▶ Exercise
Give the lines again exactly as they appear below, from the line with "бивани в земята" to the line with "Kruisweg voor Goede", both included, and only those lines. Leave every picture out.
+ + +
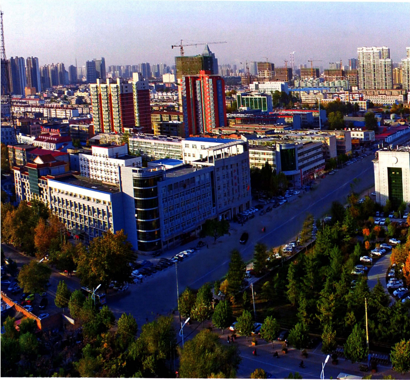
邯郸县机关大院周边鸟瞰图（2016年9月摄）
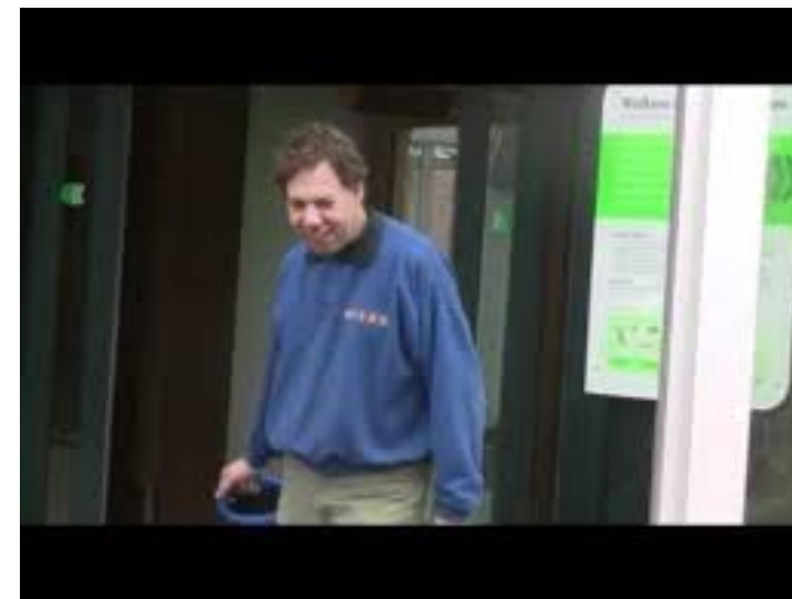
Cordaan en Artis werken 18 jaar samen
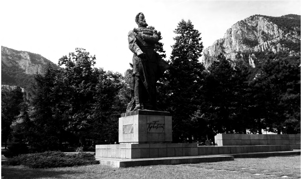
Фиг. 2. Паметникът на Христо Ботев на едноименния централен площад на гр. Враца, умело вписан от скулптора Вл. Гиновски в мащаба и естетиката на окръжаващата природна среда – северните склонове на Врачанския балкан

бивани в земята кръстове. Затова първите мемориални знаци за Ботевата чета и освободителните борби са били тежки каменни кръстове, поставени по пътя от Козлодуй до Околчица (А н г е л о в, 1984: 140).
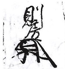
185 赤松 則房
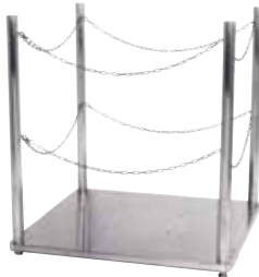
■ チェーンタイプ SPH-G1000C
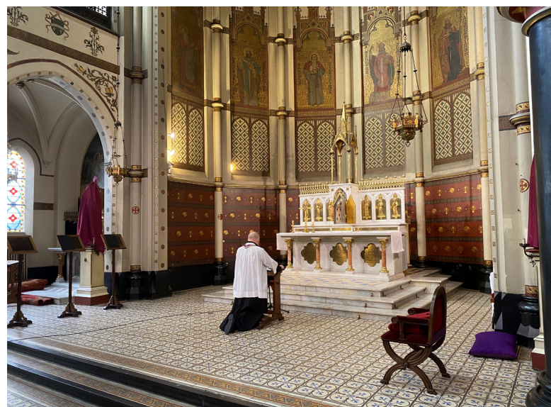
Kruisweg voor Goede Vrijdag. Heer ontferm u over ons, zondaars, en vergeef de dwalingen binnen uw H. Kerk.

Vertaling en commentaar: In onze hoedanigheid van bedienaren des Heren en herders van zijn kudde verzetten wij ons plechtig tegen het veralgemeende schandaal van een publieke en permanente aanzet tot de ondeugd van onzuiverheid en de zonden van de wellust. Sommigen beweren dat het eenvoudigweg om ‘ongeordende erotiek’ gaat, alsof een bepaalde erotiek geordend zou kunnen worden genoemd. Nu we toch zover zijn, waarom dan ook niet spreken van een geordend alcoholisme? Erotiek—want het woord is in de mode—moet worden begrepen als een bijzonder ernstige verstoring van de morele orde: het slaat vandaag op een stelselmatig aangekweekte en spitsvondig gerechtvaardigde staat van ontaarding. Laten geloven dat erotiek als zodanig zich niet zou lenen voor deze of gene morele kwalificatie, dat ze nu eens verkeerd, dan weer geoorloofd kan worden genoemd, naargelang het geval, dat is de betekenis van de woorden verdraaien, de morele begrippen verduisteren en daardoor de gewetens corrumperen. Erotiek kan niet neutraal worden genoemd, kan niet de ene keer worden beschouwd als gepast en de andere keer als onzedelijk volgens de graden of de voorkeur. Ze is als zodanig altijd een misbruik, zoals ze als zodanig altijd schuldig is. Erotiek is niet neutraler dan alcoholisme neutraal is, dan de overspelige of de drugsverslaafde neutraal is. Er bestaat niet zoiets als ‘geordend’ overspel, zoals men zou kunnen gaan denken; elk overspel is ongeordend per definitie. Zo ook erotiek.
+ + +
▶ Solution
бивани в земята кръстове. Затова първите мемориални знаци за Ботевата чета и освободителните борби са били тежки каменни кръстове, поставени по пътя от Козлодуй до Околчица (А н г е л о в, 1984: 140).
185 赤松 則房
■ チェーンタイプ SPH-G1000C
Kruisweg voor Goede Vrijdag. Heer ontferm u over ons, zondaars, en vergeef de dwalingen binnen uw H. Kerk.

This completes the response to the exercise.